◆ AVAILABLE DATA:
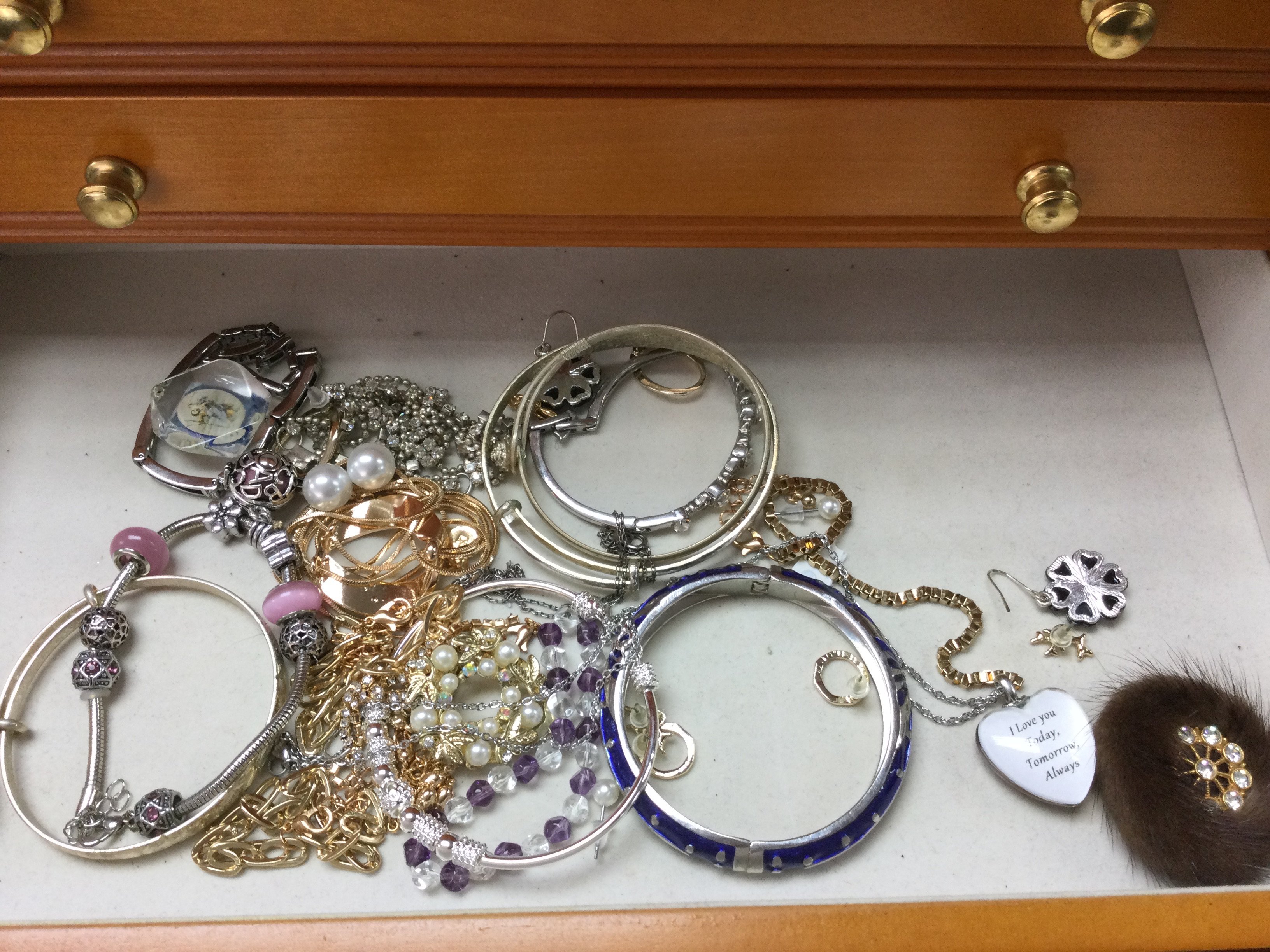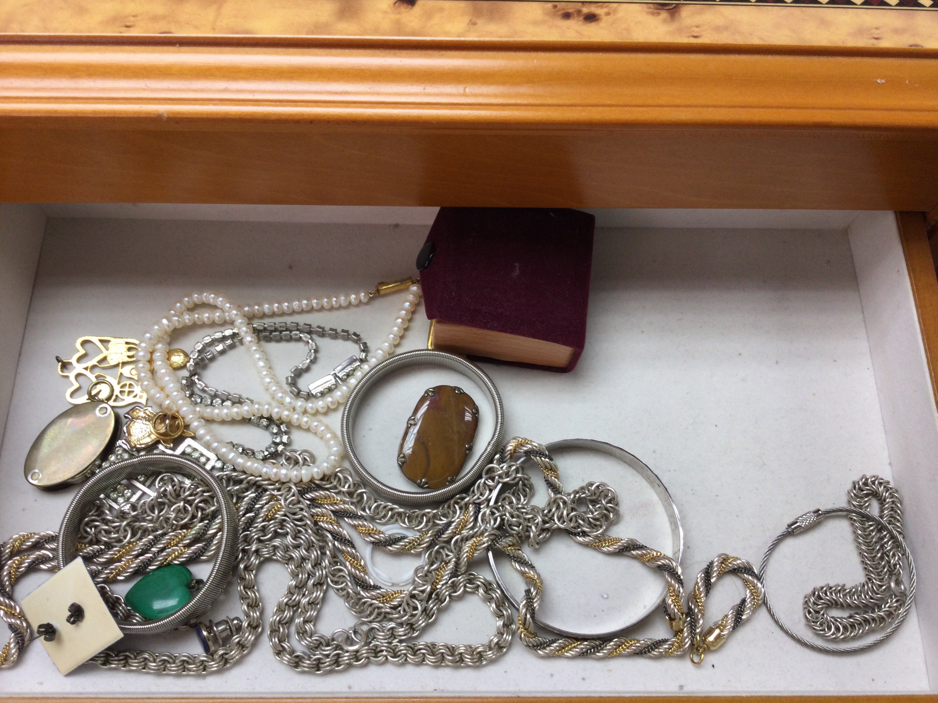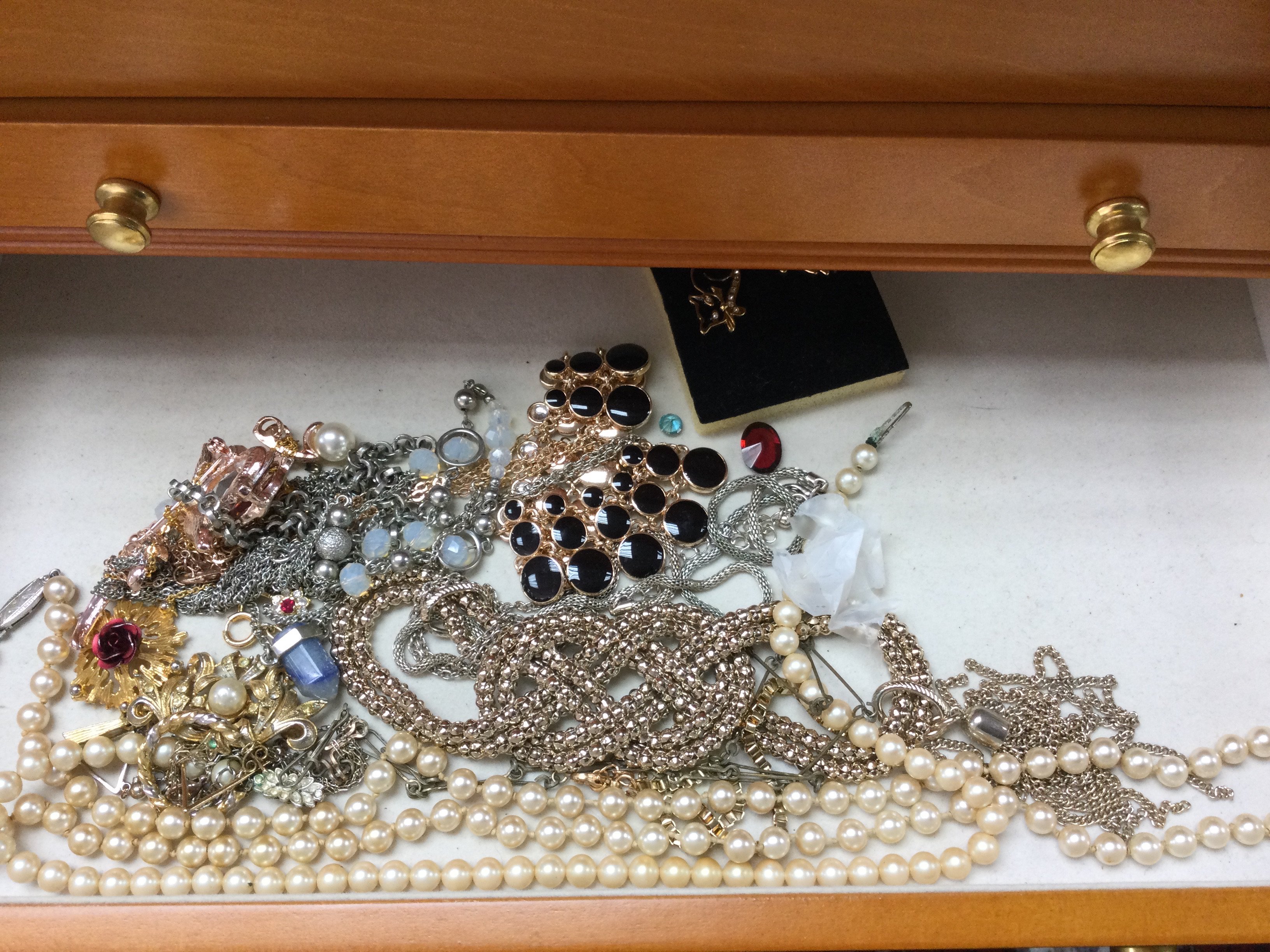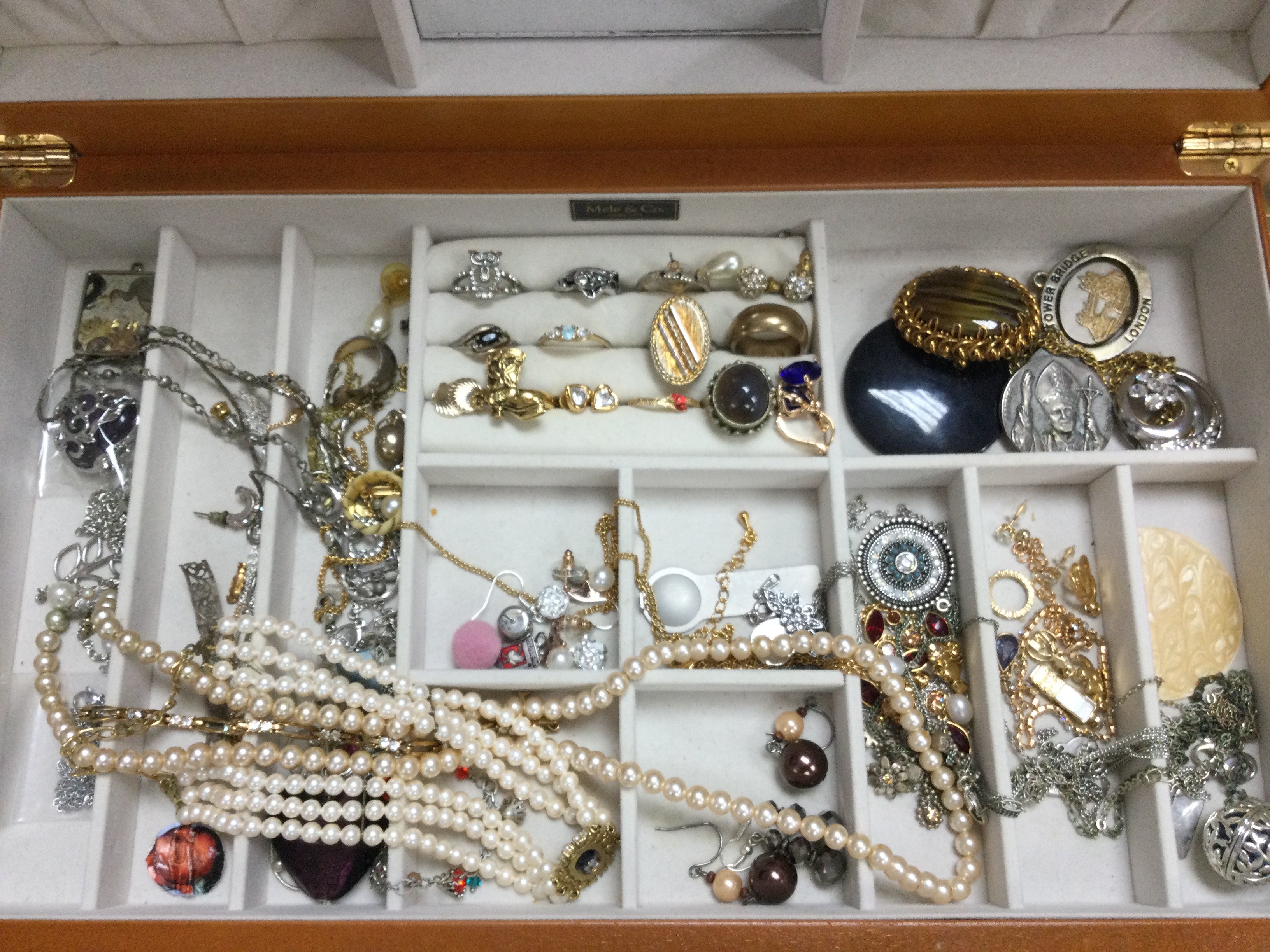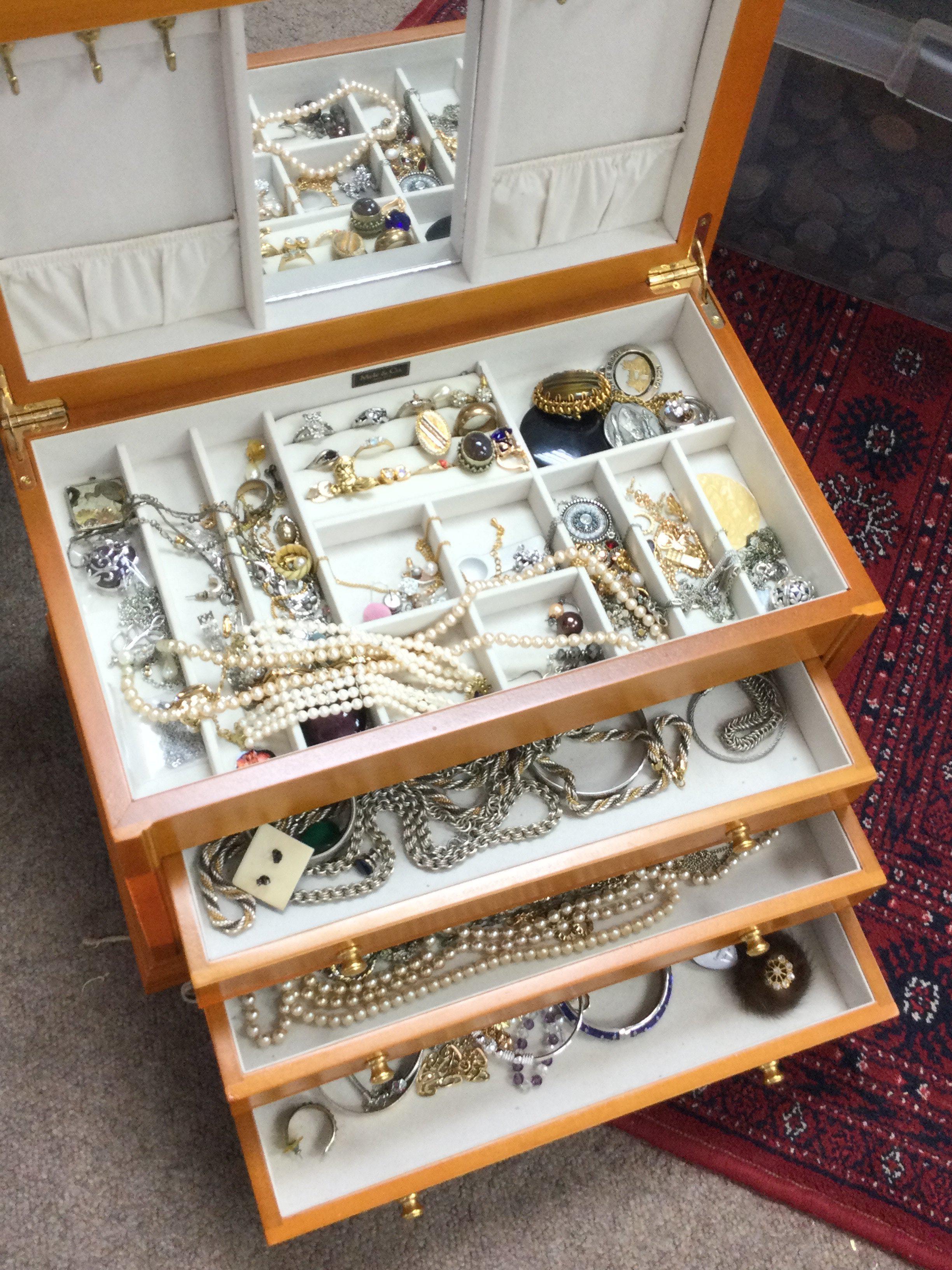 A box of costume jewellery including necklaces, brooches, bracelets etc. postage category C
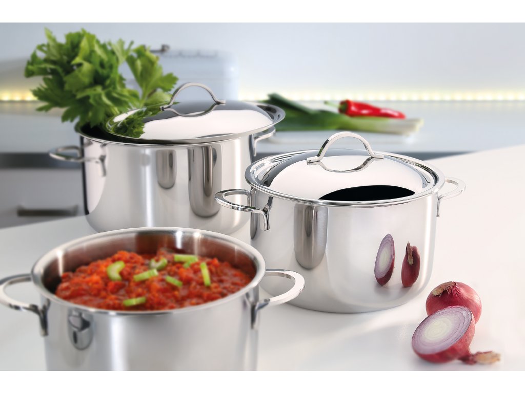 - Nerezová poklice: Každý hrnec je vybaven praktickou nerezovou poklici
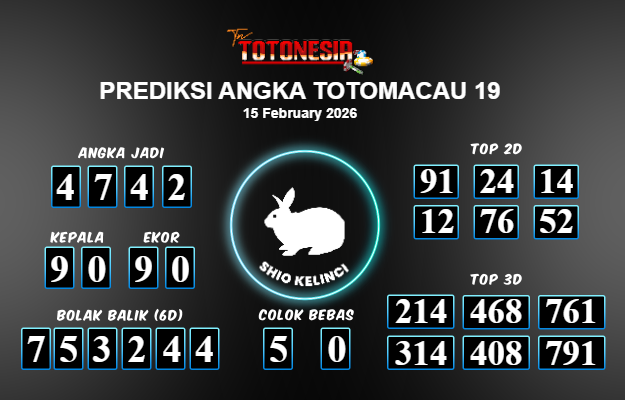 Prediksi TOTOMACAU 19 adalah perhitungan nomor togel unggulan dari agen suhu togel yang menyajikan angka prediksi paling akurat, sehingga memberikan banyak keuntungan saat bermain di pasar togel TOTOMACAU 19 . TotoNesia adalah prediksi dengan rasio kemenangan tertinggi di Indonesia. Sebagai penyedia togel yang dapat dipercaya, kami bertekad untuk memberikan ramalan togel yang handal dengan hadiah terbesarnya. Maka dari itu, jangan sampai terlewatkan prediksi bandar togel dengan hadiah terbanyak bet 100 dari pasar togel terbaik TOTOMACAU 19 Daftar sekarang juga di bandar.
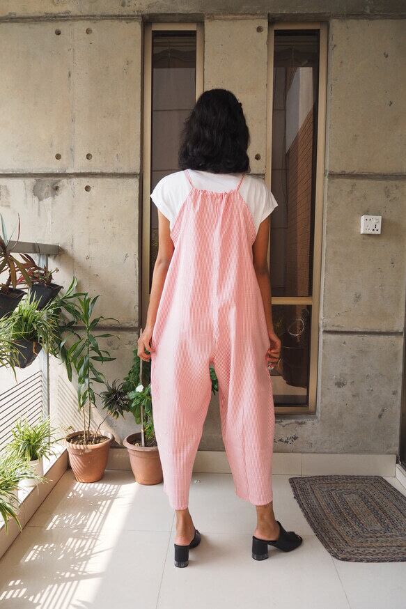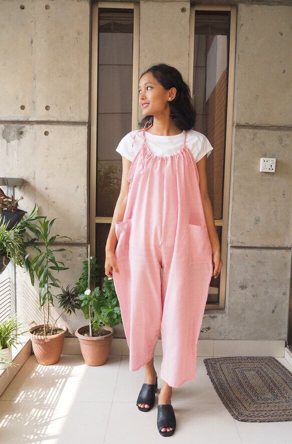 インドの手仕事布、ハンドブロックプリントコットンでで楽チンに穿いていただけるサロペットをつくりました!
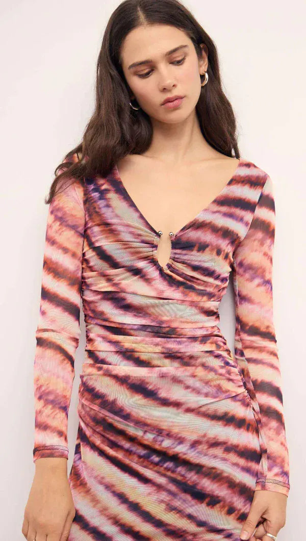 Affirmez votre style avec la robe midi en maille Liv de MINKPINK. Confectionnée dans un imprimé saisissant à rayures abstraites roses et violettes floues, sa coupe près du corps met en valeur la silhouette. Avec son décolleté en V plongeant orné d'une découpe en forme de goutte froncée, ses longues manches et ses fronces latérales flatteuses, cette pièce audacieuse est idéale du matin au soir. Portez-la aussi bien avec des bottes qu'avec des talons.
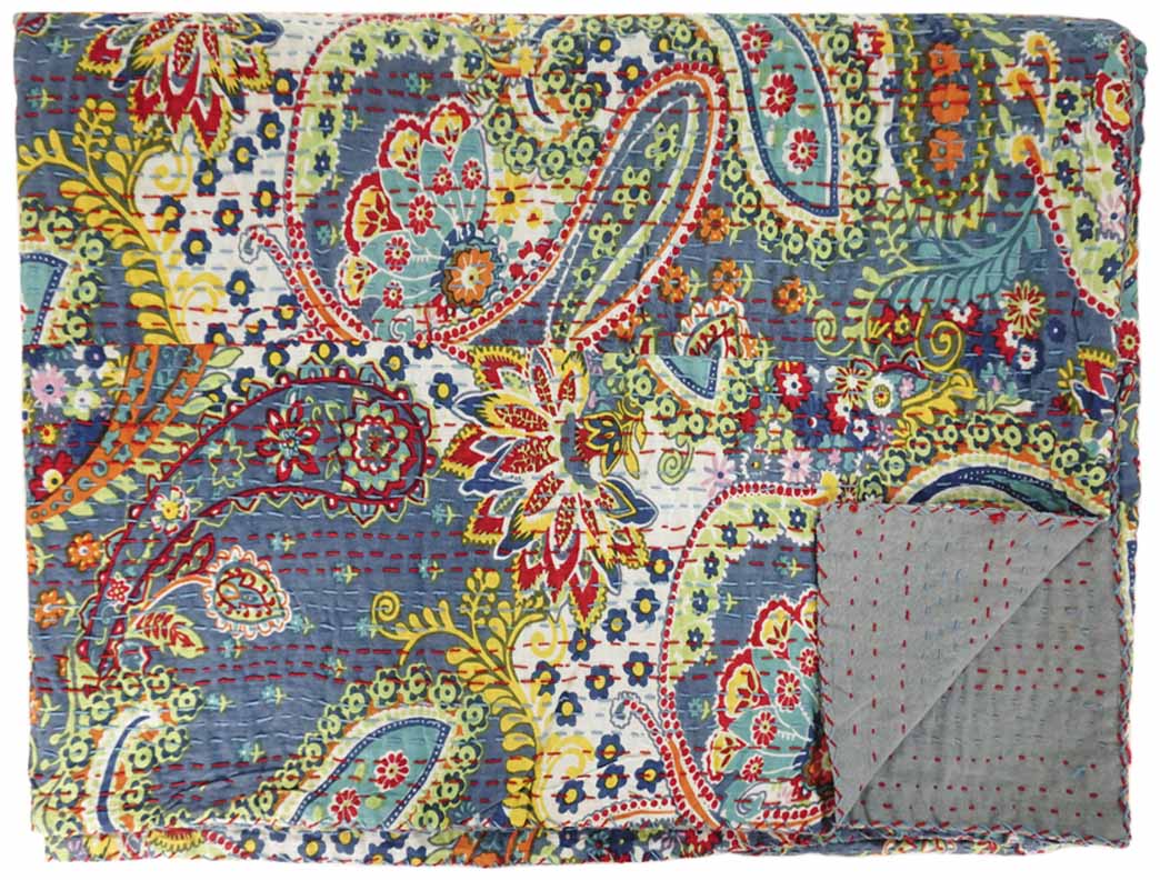New Kantha Blanket Blue/Grey
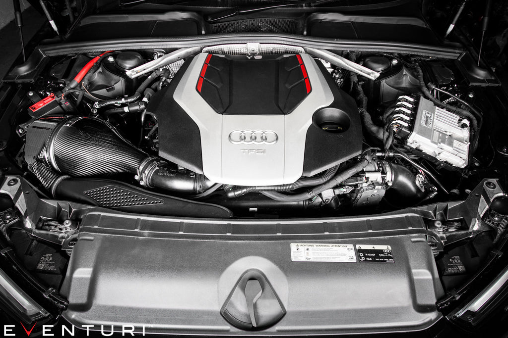 The Audi B9 S4/S5 Eventuri intake was developed to give less restrictive airflow to the turbo whilst maintaining low inlet temperatures. The S5/S4 engine bay becomes heat soaked very quickly so simply having an open cone system would result in better airflow but with higher inlet temperatures. Eventuri therefore completely re-engineered the inlet track from the turbo inlet pipe to the front grill with a highly efficient sealed system. The restrictive stock airbox and flexible plastic inlet pipe have been replaced with a Venturi filter housing and a duct system with smooth transitions. Furthermore, by removing the convoluted stock inlet pipe and replacing it with Eventuri's one-piece Venturi housing and solid tube, the airflow is much smoother as it enters the turbo inlet tube. The resulting performance gains and aesthetics are industry leading for this platform.
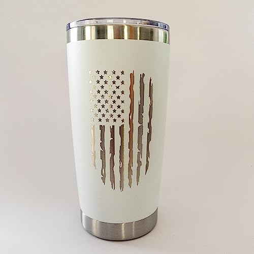 20oz Stainless Steel Coffee tumbler with engraved design that does not fade or wash away.

◆ TASK BRIEF: If any entry holds a picture, drop the picture and copy everything else exactly.

◆ TASK RESPONSE:
 A box of costume jewellery including necklaces, brooches, bracelets etc. postage category C
 - Nerezová poklice: Každý hrnec je vybaven praktickou nerezovou poklici
 Prediksi TOTOMACAU 19 adalah perhitungan nomor togel unggulan dari agen suhu togel yang menyajikan angka prediksi paling akurat, sehingga memberikan banyak keuntungan saat bermain di pasar togel TOTOMACAU 19 . TotoNesia adalah prediksi dengan rasio kemenangan tertinggi di Indonesia. Sebagai penyedia togel yang dapat dipercaya, kami bertekad untuk memberikan ramalan togel yang handal dengan hadiah terbesarnya. Maka dari itu, jangan sampai terlewatkan prediksi bandar togel dengan hadiah terbanyak bet 100 dari pasar togel terbaik TOTOMACAU 19 Daftar sekarang juga di bandar.
 インドの手仕事布、ハンドブロックプリントコットンでで楽チンに穿いていただけるサロペットをつくりました!
 Affirmez votre style avec la robe midi en maille Liv de MINKPINK. Confectionnée dans un imprimé saisissant à rayures abstraites roses et violettes floues, sa coupe près du corps met en valeur la silhouette. Avec son décolleté en V plongeant orné d'une découpe en forme de goutte froncée, ses longues manches et ses fronces latérales flatteuses, cette pièce audacieuse est idéale du matin au soir. Portez-la aussi bien avec des bottes qu'avec des talons.
New Kantha Blanket Blue/Grey
 The Audi B9 S4/S5 Eventuri intake was developed to give less restrictive airflow to the turbo whilst maintaining low inlet temperatures. The S5/S4 engine bay becomes heat soaked very quickly so simply having an open cone system would result in better airflow but with higher inlet temperatures. Eventuri therefore completely re-engineered the inlet track from the turbo inlet pipe to the front grill with a highly efficient sealed system. The restrictive stock airbox and flexible plastic inlet pipe have been replaced with a Venturi filter housing and a duct system with smooth transitions. Furthermore, by removing the convoluted stock inlet pipe and replacing it with Eventuri's one-piece Venturi housing and solid tube, the airflow is much smoother as it enters the turbo inlet tube. The resulting performance gains and aesthetics are industry leading for this platform.
 20oz Stainless Steel Coffee tumbler with engraved design that does not fade or wash away.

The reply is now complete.